DNA technology has emerged as one of law enforcement’s most remarkable breakthroughs. The ability to identify perpetrators of sexual violence and other crimes has advanced the field of law enforcement immensely. Conversely, many innocent individuals have been exonerated through the application of DNA technology. While the development of this investigative tool is viewed as a major step forward in enhancing law enforcement’s ability to identify offenders, anti-rape activists must tread carefully in our support of its use. There is a long and documented history of racism, racial profiling and other police abuse targeting people of color and other marginalized communities. Law Enforcement officers both white and black still hold many racist myths and assumptions that result in the abuse and misuse of power and the tools to wield it. Armed with yet another tool, there is concern that DNA may provide another means of racial profiling and disproportionate enforcement of laws against blacks and other people of color.
With the implementation of new laws that expand the use of DNA, policies that must also be expanded to protect against abuse and misuse. The policies should include guidelines including, from who it is appropriate to collect samples; proper collection and disposal, both of victims DNA and that of those eliminated as suspects; and guidelines that ensure that DNA dragnets or other improper practices that result in racial profiling are discouraged.
As anti-rape advocates invested in justice, it is the responsibility of the NAESV and others in the movement to be speak to this concern as we would to any issue facing survivors. When tools are used in ways that are abusive in the name of justice and anti-rape, we become co-conspirators with the very powers that we seek to change.
In most of the United States, forensic evidence kits that have been performed on sexual assault victims are sitting on shelves in law enforcement agencies, prosecutor offices, hospitals and forensic labs, unprocessed and untested. The number of these kits is unclear due to different definition of backlog and unprocessed kits. There is no requirement that states keep logs of kits waiting to be processed. As a result, victims have trouble gaining information about the fate of evidence from their assault and often believe that the information is being used to pursue their case, when in fact it may never be opened. Information that could be helpful to law enforcement on serial offenders has never been entered into databases.
The issue of a forensic evidence kit backlog is a complex and difficult problem with no easy solutions. Definitions of a backlog vary, procedures dictating how and when kits are processed are different in every state, and resources for forensic testing are limited.
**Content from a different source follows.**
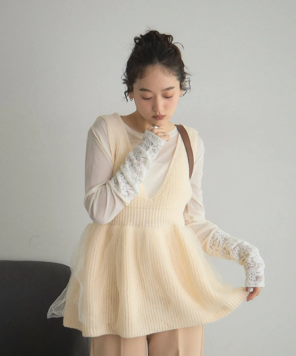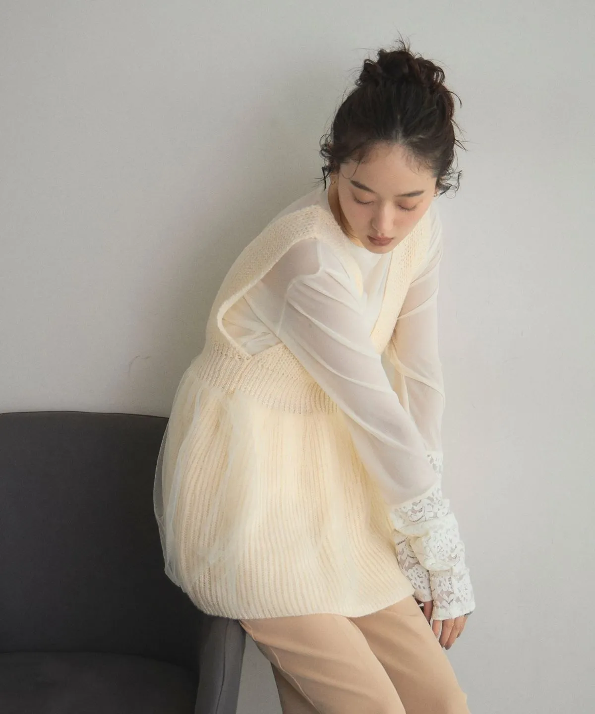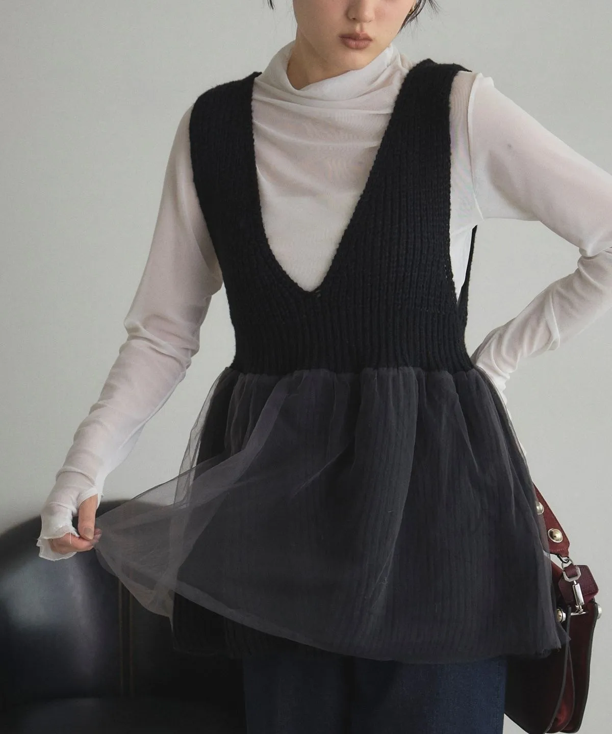 搭配輕盈感氛圍透視薄網紗層次設計

In some states, evidence is not processed until prosecutors are ready to go forward with the case. Those states may not consider themselves to have a backlog of DNA kits as kits that are processed are completed within a reasonable amount of time. However, in these cases unprocessed kits may be held by individual local law enforcement agencies, in effect creating a “backlog” that is very difficult to document. Other states process all kits and have a substantial backlog of cases to process, which ties up forensic staff when they attempt to clear the backlog. Still other states process only kits that are deemed stranger rape cases, where the victim cannot otherwise identify the perpetrator. The inconsistency among state policies leads to incomplete information for law enforcement as well as lack of knowledge on the part of survivors, whose expectations for evidence collected in their cases does not always match up with reality.
NAESV supports state and federal policies and legislation which would require that all forensic exam kits in reported sexual assault cases to be processed for DNA and other evidence in a reasonable amount of time and the results included in state and national databases. A consistent policy of processing all kits would increase public safety and assist law enforcement in gaining knowledge about serial offenders, who may be known to some survivors but not all. Survivors who report a sexual assault would then have a clear understanding of what will happen to the evidence collected. In anonymous reporting cases, where the survivor has a forensic kit completed but does not formally report the case, the evidence should not be processed until and unless the survivor makes a formal report.
NAESV believes it is critical for related issues to be addressed in legislation and policy addressing the backlog. Victims need the support of trained advocates, both at the time of the assault and at later dates if kits are processed and progress is made in a case. Policies on the notification of DNA “hits” on older cases should be carefully considered and protocols developed that are victim centered and sensitive to the impact the contact may have on a rape survivor after many years. Multidisciplinary training for law enforcement and forensic staff needs to occur on topics such as CODIS, evidence collection, and investigating acquaintance sexual assault. Adequate funding for all of these efforts as well as for SANE programs and trainings needs to be provided.
NAESV understands that many states with significant backlogs of kits or with limited forensic capacity could have trouble testing all kits in a reasonable amount of time. NAESV therefore further supports the use of incentives to encourage law enforcement agencies overseeing forensic labs to test all sexual assault forensic kits in a timely manner, to modernize tracking systems for evidence kits, and to evaluate the extent of the backlog. The Debbie Smith Reauthorization Act of 2008, which provides funding to states to address DNA evidence backlogs, is an excellent example of federal legislation providing an incentive to law enforcement. In addition to providing funding for forensic analysis, the Debbie Smith Act also allows states to use funding for the crucial trainings that promote victim-centered policies.